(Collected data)
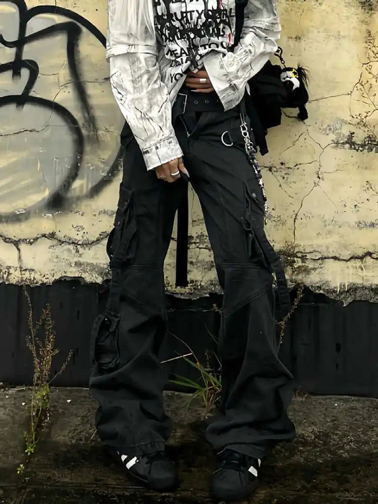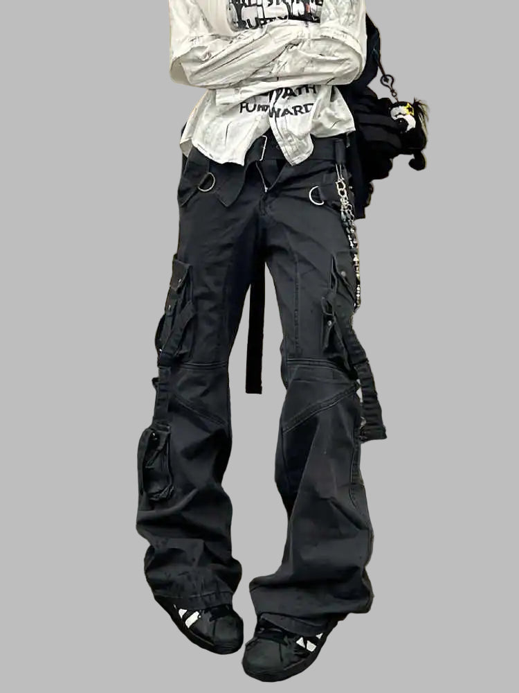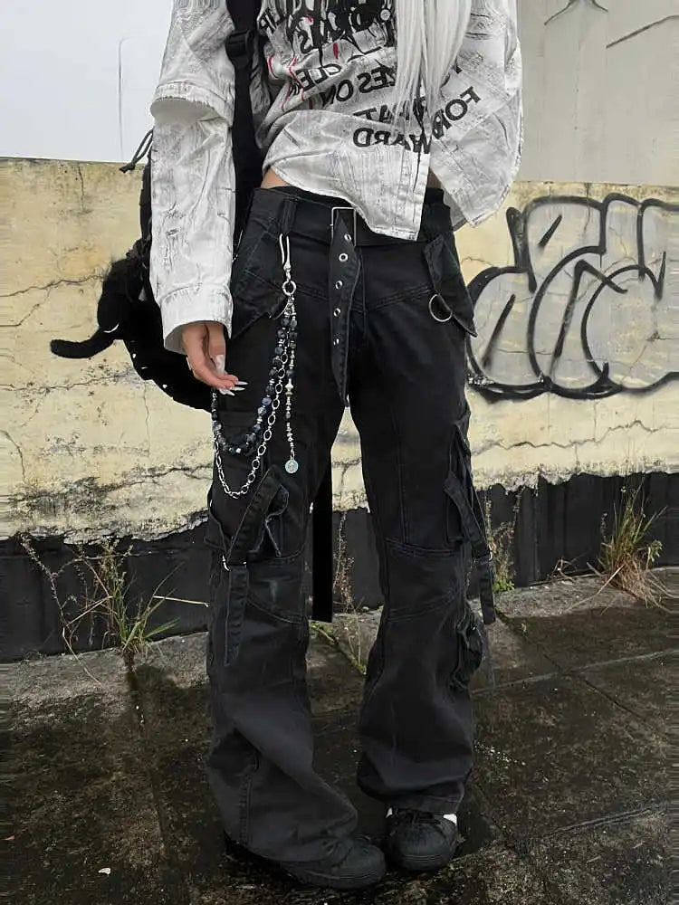 Black Gothic Punk Loose Cargo Pants with Chains and Pockets Unisex
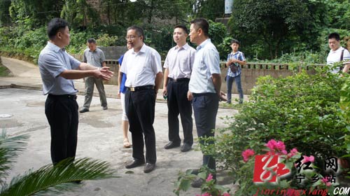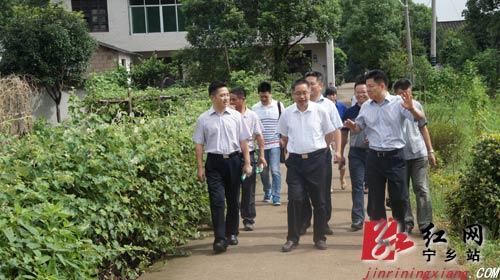 图:湖南省委宣传部副部长、省文明办主任刘进能(图中),长沙市委宣传部副部长、市文明办主任郑力虎(左一),宁乡县委常委、宣传部长王湘云(右一)等调研夏铎铺镇高新社区周家湾组。
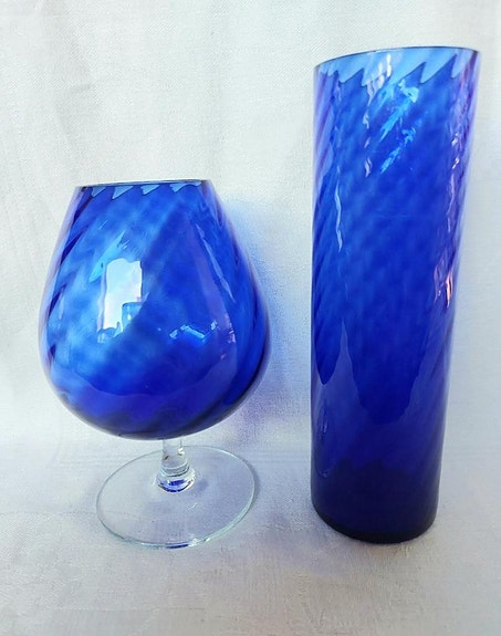2 st blåa vaser i glas
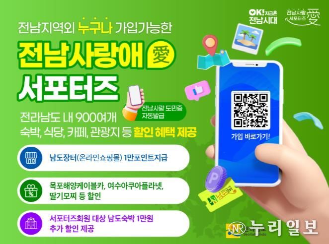 현재 전남 사랑애 서포터즈는 가입자가 62만 명을 넘어섰고, 관광·숙박·음식점 등 900여 할인가맹점 할인과 남도장터 쿠폰 제공, JN투어 숙박 할인 등 다양한 혜택을 제공하고 있다.
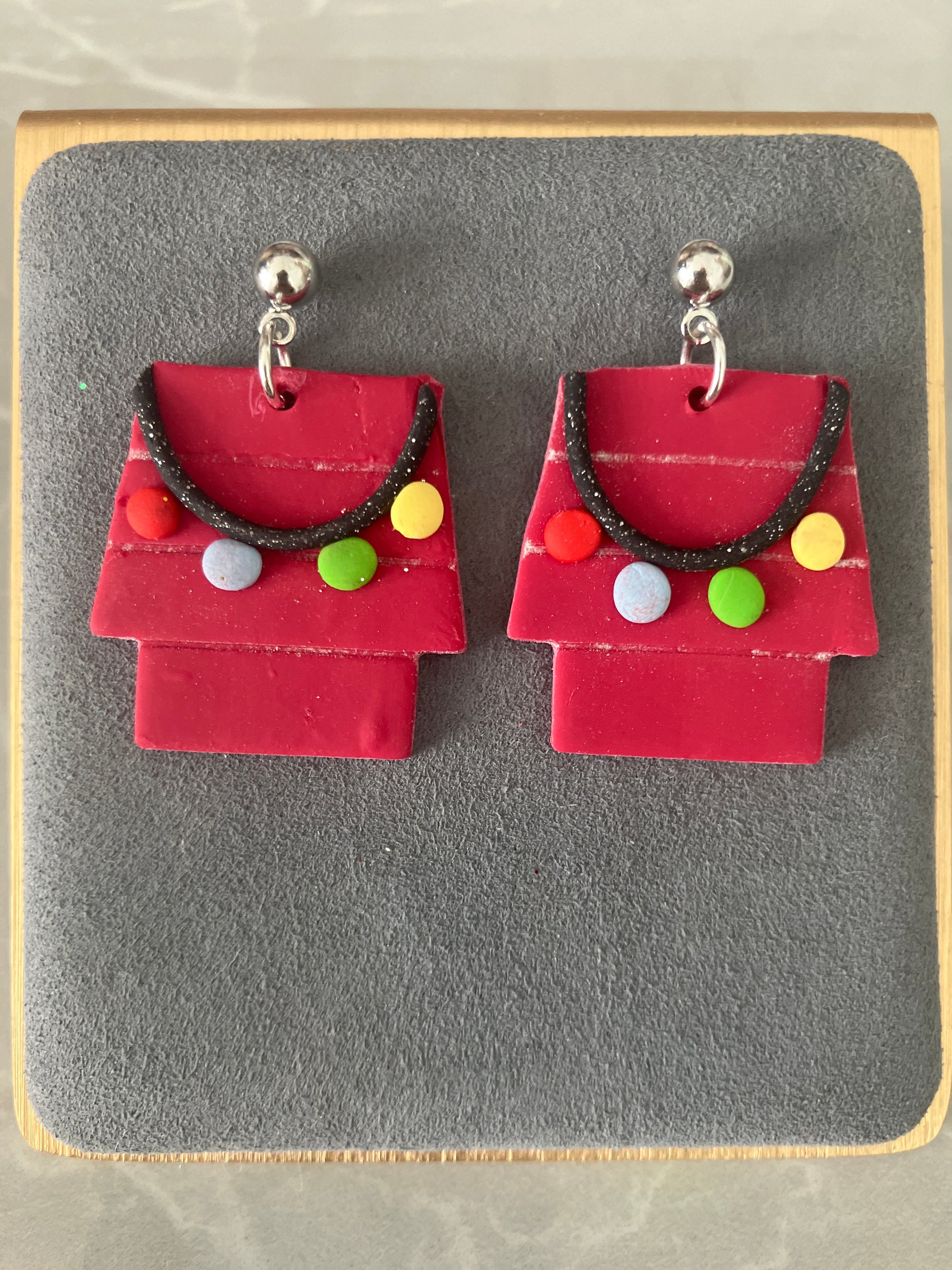 These festive dog house earrings are both lightweight and hypoallergenic. The houses are dusted with a pearl white to give it that snowy look. These are made using polymer clay - each house has a strand of red, baby blue, green and yellow lights.
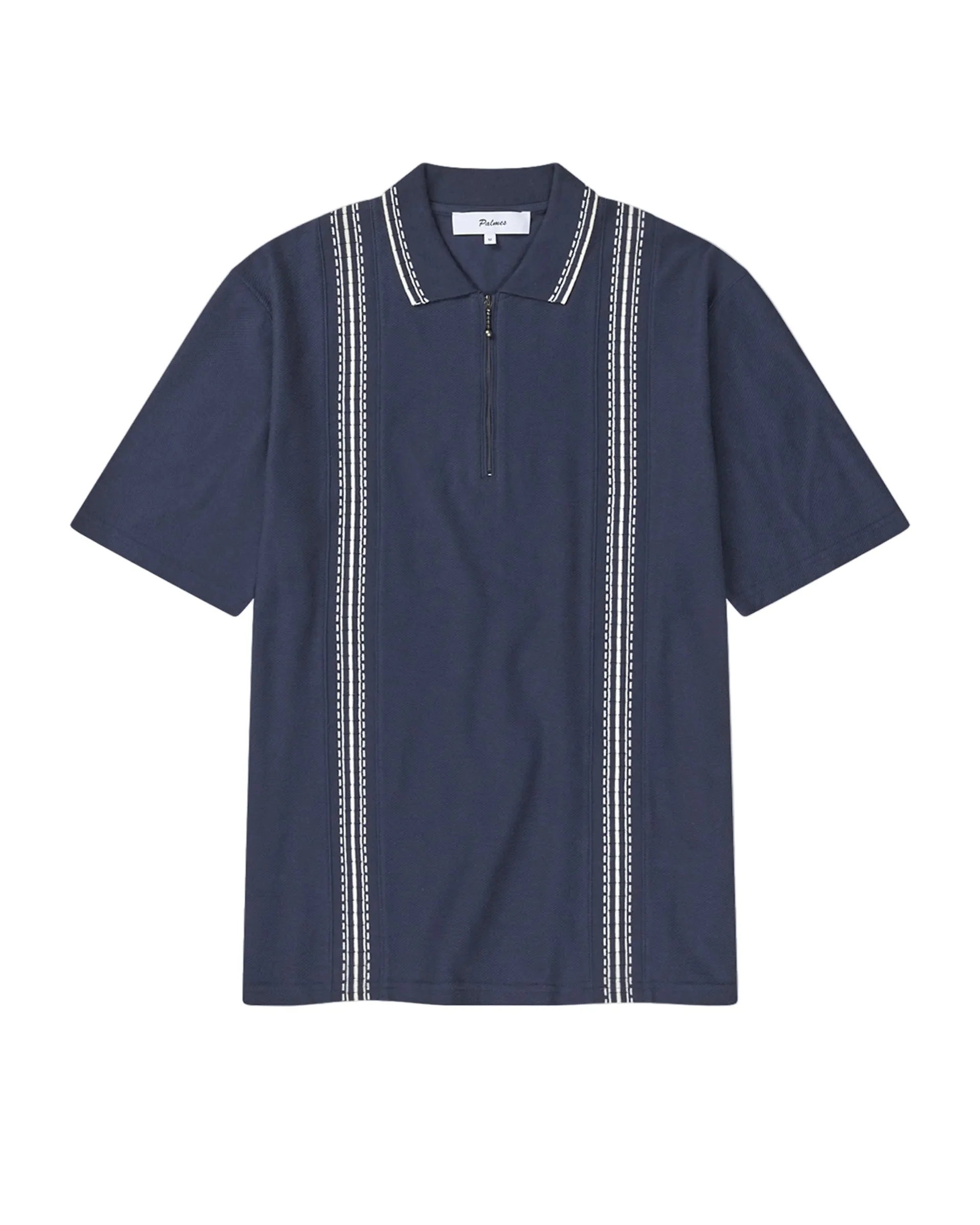 Palmes' Panel Zip Polo combines classic pique construction with knitted rib paneling for a modern silhouette. The navy style features a quarter-zip closure by YKK and custom detailing at the collar. 100% cotton

-- WHAT TO WORK ON --
A word-for-word copy of all the data is required, minus the pictures.

-- RESPONSE --
 Black Gothic Punk Loose Cargo Pants with Chains and Pockets Unisex
 图:湖南省委宣传部副部长、省文明办主任刘进能(图中),长沙市委宣传部副部长、市文明办主任郑力虎(左一),宁乡县委常委、宣传部长王湘云(右一)等调研夏铎铺镇高新社区周家湾组。
2 st blåa vaser i glas
 현재 전남 사랑애 서포터즈는 가입자가 62만 명을 넘어섰고, 관광·숙박·음식점 등 900여 할인가맹점 할인과 남도장터 쿠폰 제공, JN투어 숙박 할인 등 다양한 혜택을 제공하고 있다.
 These festive dog house earrings are both lightweight and hypoallergenic. The houses are dusted with a pearl white to give it that snowy look. These are made using polymer clay - each house has a strand of red, baby blue, green and yellow lights.
 Palmes' Panel Zip Polo combines classic pique construction with knitted rib paneling for a modern silhouette. The navy style features a quarter-zip closure by YKK and custom detailing at the collar. 100% cotton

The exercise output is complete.